Morbid jokes
You realize you're in a paradox until you die. You'll see yourself die by murder, suicide, old age, etc.
Then you realize you're dreaming, but you realize that if you die in a dream, you die IRL.
Why is the dog having KFC? Because the dog has no friends.
Yo mama's teeth are so crooked, they have a British accent.
Why don’t you peel a banana?
It’s too hard to kill your nana.
What do you call a 3-sum with a girl with AIDS?
Nut in the butt.
I like my kids how I like my lights, Hanging from the ceiling.
What's the similarity between dogs and poor people?
They both eat from trash.
Does anyone have an Xbox One? My gamertag is Chalkyfrog11. Add me and comment on this post telling me your gamertag.
What do you call a train with bubble gum?
A chew chew train.
Oh man, I'm depressed.
What do you call Greg in your class? Obese.
What starts with "M" and ends in "arrige" and is a man's favorite thing?
Miscarriage, this joke never gets old, just like the baby.
Girls are like numbers squared. If they're under 13, just do 'em in your head.
What do you call a guy with no arms and legs, at your front door?
Matt.
What do you say to a kid in a trash compactor?
You looking a little square.
Why don't Japanese people like iPhones?
Because they are afraid of American airdrops.

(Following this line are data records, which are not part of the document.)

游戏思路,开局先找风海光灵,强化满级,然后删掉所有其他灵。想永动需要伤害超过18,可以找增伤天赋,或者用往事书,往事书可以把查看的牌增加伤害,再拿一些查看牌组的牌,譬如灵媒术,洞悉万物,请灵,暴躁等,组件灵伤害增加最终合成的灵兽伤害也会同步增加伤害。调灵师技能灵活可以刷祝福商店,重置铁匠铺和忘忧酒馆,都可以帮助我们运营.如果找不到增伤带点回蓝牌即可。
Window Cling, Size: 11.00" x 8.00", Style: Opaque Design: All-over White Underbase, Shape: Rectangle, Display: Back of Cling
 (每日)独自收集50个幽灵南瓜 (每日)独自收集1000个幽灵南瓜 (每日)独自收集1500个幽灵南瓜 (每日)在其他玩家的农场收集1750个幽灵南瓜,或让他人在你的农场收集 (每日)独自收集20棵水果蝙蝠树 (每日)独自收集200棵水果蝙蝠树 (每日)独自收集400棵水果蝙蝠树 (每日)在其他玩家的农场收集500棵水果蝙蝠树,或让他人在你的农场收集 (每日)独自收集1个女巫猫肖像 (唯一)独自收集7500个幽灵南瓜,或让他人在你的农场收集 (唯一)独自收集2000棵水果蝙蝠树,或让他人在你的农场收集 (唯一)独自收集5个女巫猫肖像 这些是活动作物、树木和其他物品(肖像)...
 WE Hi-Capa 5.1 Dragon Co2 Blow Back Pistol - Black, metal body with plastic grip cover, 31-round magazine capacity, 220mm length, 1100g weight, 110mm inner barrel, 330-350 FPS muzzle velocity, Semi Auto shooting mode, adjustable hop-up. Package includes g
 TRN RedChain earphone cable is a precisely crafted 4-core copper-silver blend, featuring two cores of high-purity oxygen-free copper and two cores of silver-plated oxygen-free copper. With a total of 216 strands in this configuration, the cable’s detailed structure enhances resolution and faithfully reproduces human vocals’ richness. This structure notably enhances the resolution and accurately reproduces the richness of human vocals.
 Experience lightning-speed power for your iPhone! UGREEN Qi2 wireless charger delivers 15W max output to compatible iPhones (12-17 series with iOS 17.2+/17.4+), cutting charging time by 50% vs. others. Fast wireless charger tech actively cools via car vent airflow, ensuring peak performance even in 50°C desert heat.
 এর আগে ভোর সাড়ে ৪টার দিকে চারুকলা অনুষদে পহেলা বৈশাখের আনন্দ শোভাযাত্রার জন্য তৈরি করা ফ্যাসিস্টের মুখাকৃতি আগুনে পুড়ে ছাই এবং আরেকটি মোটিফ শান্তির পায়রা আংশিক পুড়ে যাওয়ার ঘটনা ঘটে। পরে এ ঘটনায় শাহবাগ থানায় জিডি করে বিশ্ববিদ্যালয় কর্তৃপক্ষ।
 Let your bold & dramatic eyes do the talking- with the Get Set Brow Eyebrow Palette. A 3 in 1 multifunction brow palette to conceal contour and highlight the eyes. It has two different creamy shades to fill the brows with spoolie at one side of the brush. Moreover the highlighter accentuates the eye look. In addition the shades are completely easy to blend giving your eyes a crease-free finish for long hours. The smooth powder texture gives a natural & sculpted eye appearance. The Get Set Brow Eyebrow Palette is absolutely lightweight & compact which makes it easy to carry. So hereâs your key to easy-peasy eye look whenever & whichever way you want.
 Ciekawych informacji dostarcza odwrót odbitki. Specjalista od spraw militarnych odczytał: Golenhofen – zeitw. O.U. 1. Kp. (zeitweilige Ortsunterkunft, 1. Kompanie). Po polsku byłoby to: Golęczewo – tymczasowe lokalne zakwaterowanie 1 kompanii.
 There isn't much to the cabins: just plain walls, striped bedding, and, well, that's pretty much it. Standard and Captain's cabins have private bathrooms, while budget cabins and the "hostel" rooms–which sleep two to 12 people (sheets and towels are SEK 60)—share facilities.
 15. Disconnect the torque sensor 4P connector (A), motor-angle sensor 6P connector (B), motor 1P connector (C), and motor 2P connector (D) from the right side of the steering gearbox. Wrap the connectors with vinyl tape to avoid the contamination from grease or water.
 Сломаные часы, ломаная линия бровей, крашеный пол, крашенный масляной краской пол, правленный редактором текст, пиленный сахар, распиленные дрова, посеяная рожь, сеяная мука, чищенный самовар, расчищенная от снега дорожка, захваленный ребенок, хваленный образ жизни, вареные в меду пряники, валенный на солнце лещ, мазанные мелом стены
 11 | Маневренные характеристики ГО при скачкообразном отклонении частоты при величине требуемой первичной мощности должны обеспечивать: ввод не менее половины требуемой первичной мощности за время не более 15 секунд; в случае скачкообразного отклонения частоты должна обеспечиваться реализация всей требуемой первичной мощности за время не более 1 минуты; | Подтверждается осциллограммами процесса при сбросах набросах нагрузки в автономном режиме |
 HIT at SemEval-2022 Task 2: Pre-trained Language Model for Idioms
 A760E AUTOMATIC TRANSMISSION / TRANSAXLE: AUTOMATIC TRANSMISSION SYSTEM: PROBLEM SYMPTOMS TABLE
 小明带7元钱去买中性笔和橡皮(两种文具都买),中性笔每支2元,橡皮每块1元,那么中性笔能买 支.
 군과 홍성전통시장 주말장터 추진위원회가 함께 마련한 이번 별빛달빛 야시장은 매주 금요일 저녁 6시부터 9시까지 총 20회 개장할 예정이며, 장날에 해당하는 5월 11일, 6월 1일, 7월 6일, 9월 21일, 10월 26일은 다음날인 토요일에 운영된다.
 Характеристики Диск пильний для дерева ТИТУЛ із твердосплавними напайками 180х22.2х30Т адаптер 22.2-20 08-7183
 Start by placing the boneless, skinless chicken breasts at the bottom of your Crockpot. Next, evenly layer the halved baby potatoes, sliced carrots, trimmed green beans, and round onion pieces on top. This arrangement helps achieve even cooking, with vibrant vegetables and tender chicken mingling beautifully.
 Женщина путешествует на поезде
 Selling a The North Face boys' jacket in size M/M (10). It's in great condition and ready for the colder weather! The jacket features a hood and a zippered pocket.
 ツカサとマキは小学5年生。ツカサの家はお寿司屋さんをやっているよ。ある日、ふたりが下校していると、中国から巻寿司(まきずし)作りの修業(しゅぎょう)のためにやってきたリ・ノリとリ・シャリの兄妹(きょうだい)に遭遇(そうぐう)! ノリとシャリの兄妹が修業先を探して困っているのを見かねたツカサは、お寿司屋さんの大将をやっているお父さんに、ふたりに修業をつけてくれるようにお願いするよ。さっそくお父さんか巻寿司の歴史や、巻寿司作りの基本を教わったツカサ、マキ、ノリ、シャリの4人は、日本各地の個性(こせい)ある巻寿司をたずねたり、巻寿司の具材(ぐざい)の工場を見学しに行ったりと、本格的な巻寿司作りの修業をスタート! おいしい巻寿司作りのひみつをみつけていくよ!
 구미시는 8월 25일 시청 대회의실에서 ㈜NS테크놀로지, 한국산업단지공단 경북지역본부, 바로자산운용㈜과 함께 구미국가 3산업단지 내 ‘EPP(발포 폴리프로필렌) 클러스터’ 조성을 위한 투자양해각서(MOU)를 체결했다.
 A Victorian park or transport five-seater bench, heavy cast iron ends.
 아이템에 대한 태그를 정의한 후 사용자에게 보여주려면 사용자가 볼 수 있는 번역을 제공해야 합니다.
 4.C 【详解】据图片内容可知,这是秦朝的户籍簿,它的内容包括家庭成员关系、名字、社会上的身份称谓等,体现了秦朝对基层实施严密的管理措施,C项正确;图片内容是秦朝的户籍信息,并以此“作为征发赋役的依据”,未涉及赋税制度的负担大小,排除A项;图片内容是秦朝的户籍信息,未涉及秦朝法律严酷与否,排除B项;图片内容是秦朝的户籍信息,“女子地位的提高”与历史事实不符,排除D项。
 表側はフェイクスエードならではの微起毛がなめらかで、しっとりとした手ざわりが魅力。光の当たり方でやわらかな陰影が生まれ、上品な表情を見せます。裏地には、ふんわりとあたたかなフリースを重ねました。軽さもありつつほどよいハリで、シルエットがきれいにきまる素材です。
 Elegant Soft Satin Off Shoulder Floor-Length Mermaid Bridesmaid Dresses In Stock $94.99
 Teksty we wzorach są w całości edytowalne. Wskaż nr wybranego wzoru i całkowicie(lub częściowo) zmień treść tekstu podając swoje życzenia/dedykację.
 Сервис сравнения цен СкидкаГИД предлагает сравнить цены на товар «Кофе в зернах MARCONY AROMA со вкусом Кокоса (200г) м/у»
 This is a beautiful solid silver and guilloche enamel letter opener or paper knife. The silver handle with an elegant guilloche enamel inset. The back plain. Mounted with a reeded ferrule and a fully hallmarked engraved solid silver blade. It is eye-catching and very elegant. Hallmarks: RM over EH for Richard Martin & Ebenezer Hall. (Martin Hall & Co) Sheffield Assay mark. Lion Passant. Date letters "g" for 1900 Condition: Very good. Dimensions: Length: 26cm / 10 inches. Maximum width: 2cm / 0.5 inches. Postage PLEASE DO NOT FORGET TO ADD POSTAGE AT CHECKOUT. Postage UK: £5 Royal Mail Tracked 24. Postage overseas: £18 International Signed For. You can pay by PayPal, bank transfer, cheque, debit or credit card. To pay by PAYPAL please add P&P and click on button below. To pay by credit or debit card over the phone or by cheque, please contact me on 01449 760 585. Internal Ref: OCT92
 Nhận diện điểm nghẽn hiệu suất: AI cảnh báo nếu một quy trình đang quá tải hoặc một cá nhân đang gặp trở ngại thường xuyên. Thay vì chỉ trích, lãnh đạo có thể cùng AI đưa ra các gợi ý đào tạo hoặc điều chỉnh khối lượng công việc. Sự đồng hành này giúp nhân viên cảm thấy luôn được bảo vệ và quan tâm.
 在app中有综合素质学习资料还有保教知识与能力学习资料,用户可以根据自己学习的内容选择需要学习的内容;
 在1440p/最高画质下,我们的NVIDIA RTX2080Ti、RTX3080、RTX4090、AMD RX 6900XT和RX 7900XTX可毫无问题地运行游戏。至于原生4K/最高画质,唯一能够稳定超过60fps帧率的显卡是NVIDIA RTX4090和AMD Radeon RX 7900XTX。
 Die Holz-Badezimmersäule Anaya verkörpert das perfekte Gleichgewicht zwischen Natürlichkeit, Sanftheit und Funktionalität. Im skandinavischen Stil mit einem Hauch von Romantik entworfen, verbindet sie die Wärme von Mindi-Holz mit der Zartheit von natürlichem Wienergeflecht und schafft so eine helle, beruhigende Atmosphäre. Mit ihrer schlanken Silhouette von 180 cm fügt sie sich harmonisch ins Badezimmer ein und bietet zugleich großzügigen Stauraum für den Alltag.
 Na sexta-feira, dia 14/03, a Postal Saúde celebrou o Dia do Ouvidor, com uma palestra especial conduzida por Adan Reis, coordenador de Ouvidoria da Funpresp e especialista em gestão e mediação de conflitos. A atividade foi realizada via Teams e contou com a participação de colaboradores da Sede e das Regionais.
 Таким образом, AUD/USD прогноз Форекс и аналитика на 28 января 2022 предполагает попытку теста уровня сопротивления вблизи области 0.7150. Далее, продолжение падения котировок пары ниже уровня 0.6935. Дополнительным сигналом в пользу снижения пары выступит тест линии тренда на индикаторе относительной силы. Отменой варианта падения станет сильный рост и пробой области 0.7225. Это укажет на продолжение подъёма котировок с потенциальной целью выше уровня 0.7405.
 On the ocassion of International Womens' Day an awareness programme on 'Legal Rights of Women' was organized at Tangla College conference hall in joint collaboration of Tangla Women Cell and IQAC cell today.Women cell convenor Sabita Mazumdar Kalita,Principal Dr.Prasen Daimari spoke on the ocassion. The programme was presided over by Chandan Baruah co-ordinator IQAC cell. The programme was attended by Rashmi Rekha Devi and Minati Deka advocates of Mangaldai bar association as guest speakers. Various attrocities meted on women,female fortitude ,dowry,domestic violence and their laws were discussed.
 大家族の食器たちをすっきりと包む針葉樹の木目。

Before I die, I'm going to ask to be cremated.
Then I'm going to eat a bunch of popcorn kernels.
Then I'll die and get cremated. BOOM! I'm popcorn!
Why don't churches have Wi-Fi?
They can't compete with an invisible force that actually works.
"It never gets old."
"Just like a sick kid!"
What's a man's favorite thing that starts with "m" and ends with "arriage?"
Miscarriage.
What did the lion say to the lion tamer? Nothing, because when the lion tamer whipped the lion, the lion killed him.